BinPRE

A protocol reverse engineering(PRE) tool that accurately and finely accomplished field inference for protocol messages.

Directory Structure

BinPRE
   |--- Artifact_Evaluation:                  Enter into this folder for Artifact Evaluation
       |
       |--- BinPRE_scripts             A series of scripts used to run BinPRE.
       |--- ExeT-based_scripts         A series of scripts used to run Polyglot, AutoFormat, and Tupni.
       |--- Optional_install          (Optional) A series of scripts used to install all the server used in our experiments.
       |
   |--- Analyzer:                       The source code of BinPRE
       |
       |--- fsend_split.py:                   The entry of BinPRE, which accepts the tool parameters
       |--- Separator.py:                     The main module of our Format Extraction
       |--- Speculator.py:                    The main module of our Semanic Inference
       |--- Corrector.py:                     The main module of our Semantic Refinement
       |
       |--- Baseline:                   The re-implementations of the other three ExeT-based baselines.
          |
          |--- Polyglot     The modules of Polyglot
          |--- AutoFormat   The modules of AutoFormat
          |--- Tupni        The modules of Tupni

   |--- src:                            The Taint Tracker for monitoring server execution.
   |
   |--- BinPRE_Res:                     The folder of outputs.
       |
       |--- {protocol}_{msgnum} 
          |
          |--- {protocol}_{msgnum}_eval.txt      The results of BinPRE
          |--- {protocol}_{msgnum}_bo_eval.txt   The results of the other three ExeT-based baselines.

Running Environment.

We summarize the major setup instructions as follows:

Prerequisite

Ubuntu 20.04

python3.8

How to install

We provide the following two installation options for your consideration. As some servers require a carefully configured environment, we recommend that you install BinPRE and the server under testing within a Docker container (Method A. Install with Dockerfile). This approach helps ensure the server operates in an correct environment.

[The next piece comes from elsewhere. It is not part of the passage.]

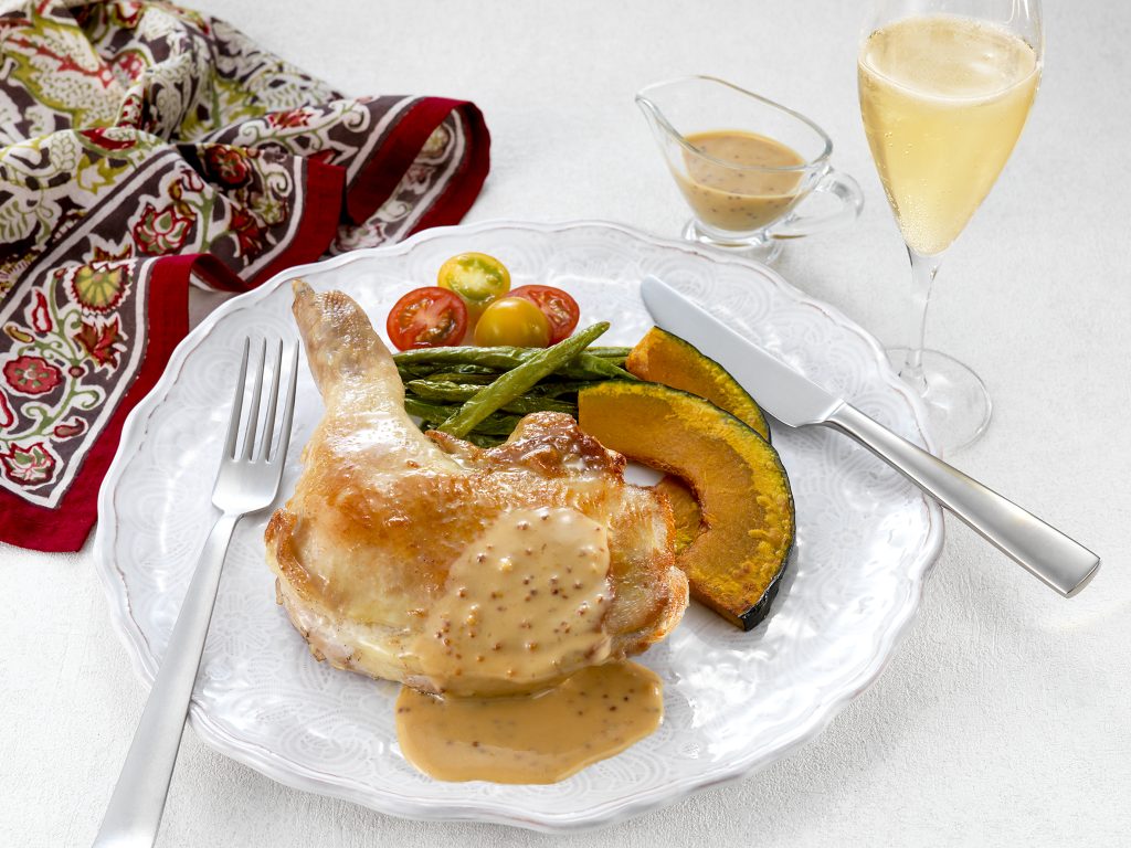 今月のレシピ(ローストチキンの味噌マスタードソース)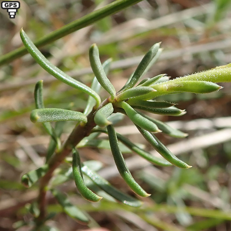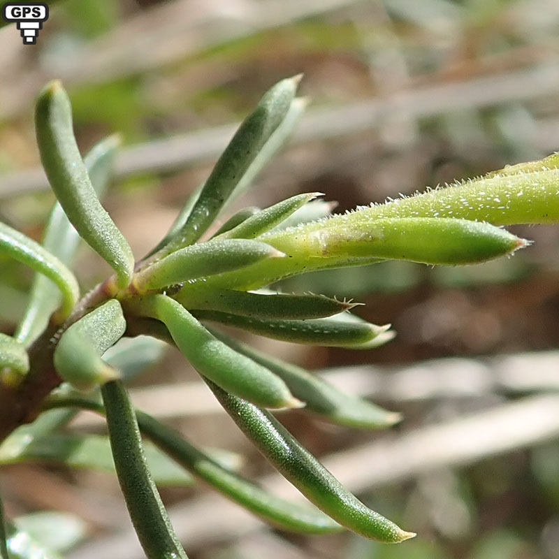 Feuilles charnues, demi-cylindriques, linéaires, mucronées, entières, glabres, très nombreuses et rapprochées

A. Install with Dockerfile (Recommend)

docker pull homebrew/ubuntu20.04
git clone https://github.com/ecnusse/BinPRE.git
cd BinPRE
docker build . -t binpre_ae
docker run -it --privileged binpre_ae /bin/bash

By default, the BinPRE/src directory contains a binary file that implements the Modbus protocol, which we provide. Additionally, users are supported to add instructions into the Dockerfile to install other protocol implementations. When you install using the Dockerfile, the implementations for all these protocols will be automatically installed in the ~/BinPRE/src directory.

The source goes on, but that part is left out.